Curated by Diana Ali at Art Center Caravel, ARTE.M Association, Funchal, Madeira, Portugal 2024 & Arthall, Victoria, Gozo, Malta 2025

Concept:

We are facing many barriers globally where our identities are being bruised, rejected, and turned away. This leaves a tension for bodies, thoughts, and circumstances to be accepted and co-exist. Artists have been invited to contest and question what it means to face barriers. Often our artworks have been declined from being shown and exhibited. This exhibition gives an opportunity for the art to migrate. There may not be a utopia, but there are ways of overcoming barriers. Imagine the artwork being personified. What would it say if it had freedom of movement, no immigration law, finding asylum and a sense of belonging without being displaced? A fantastic array of international artists come together in one space to question, confront and seek sanctuary through their artwork.

Exhibition information/Flyer:

Exhibition information/Flyer:

UPDATE 2025

In 2024, a majority of the work was detained by the Portuguese customs on the way to be exhibited in Madeira. The artwork did not have a freedom to roam. In 2025, the art hopes to confront crossings and overcome barriers by having the opportunity to be exhibited at Arthall, Malta.
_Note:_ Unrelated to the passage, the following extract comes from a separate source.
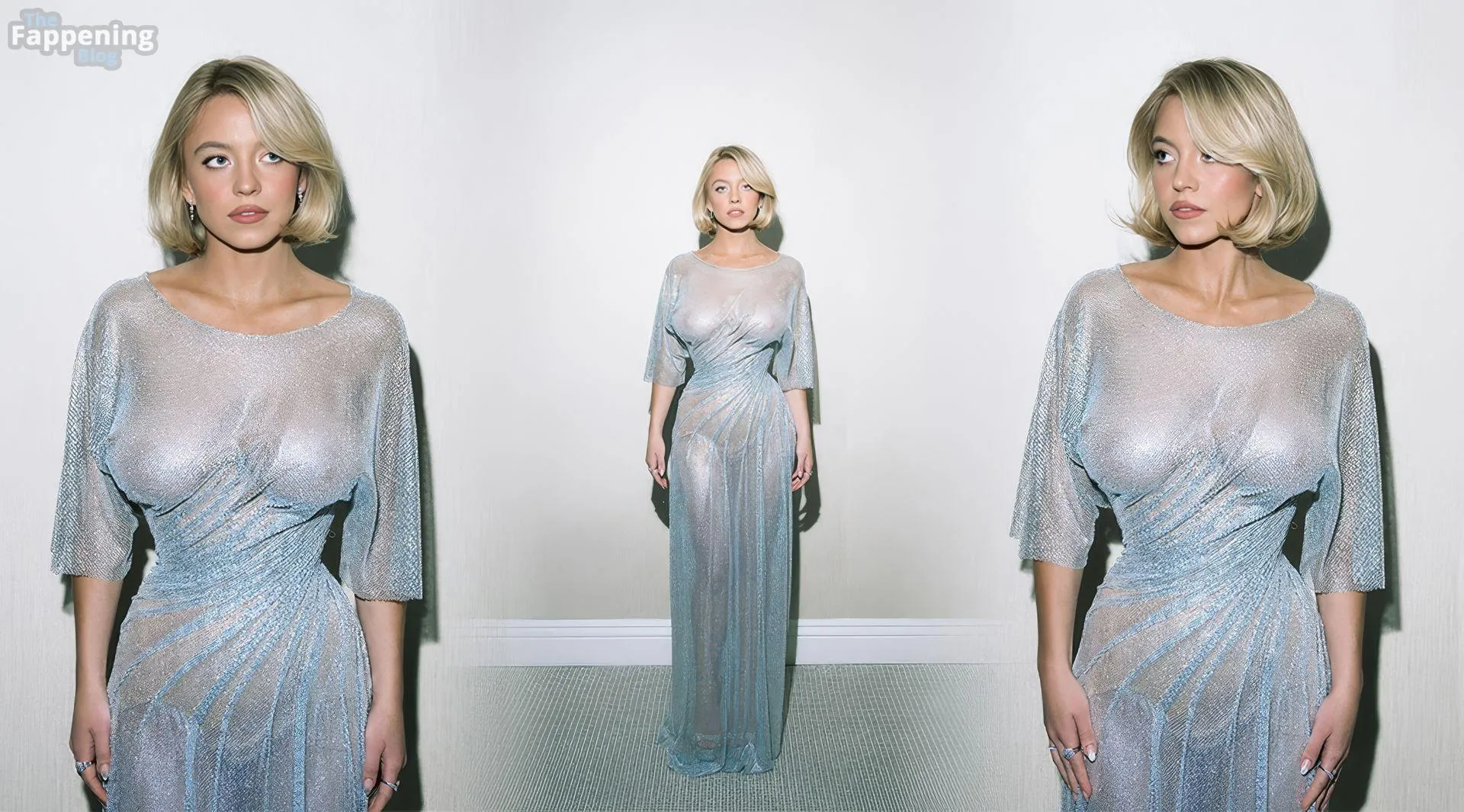 Sydney Sweeney Poses Braless in a See-Through Dress (11 Photos)

Douglas McCulloh (California, US)

Gulls: 01-01-2013; US/ Mexico border

Archival pigment print (50.8 x 33.8cm)

Gulls: 04-26-2017; US/ Mexico border

Archival pigment print (50.8 x 33.8cm)



I wait on the militarized beach and absorb the slow roll of the Pacific waves. Cameras sit on high towers, armed officers on all-terrain vehicles. Razor wire glints in the sun. But above, white gulls float back and forth across the barrier—untethered, beyond control, aloft, ideas of a better idea. When they wheel toward the border, I make another image of freedom.

This is where the California-Mexico border slices into the Pacific Ocean. It’s difficult to reach—an hours-long hike through the Tijuana River floodplain, repeated questioning by green-shirted, jeep-borne U.S. Immigration Enforcement Officers. The place is symbolic, actual, brutal, addictive. I’ve returned repeatedly.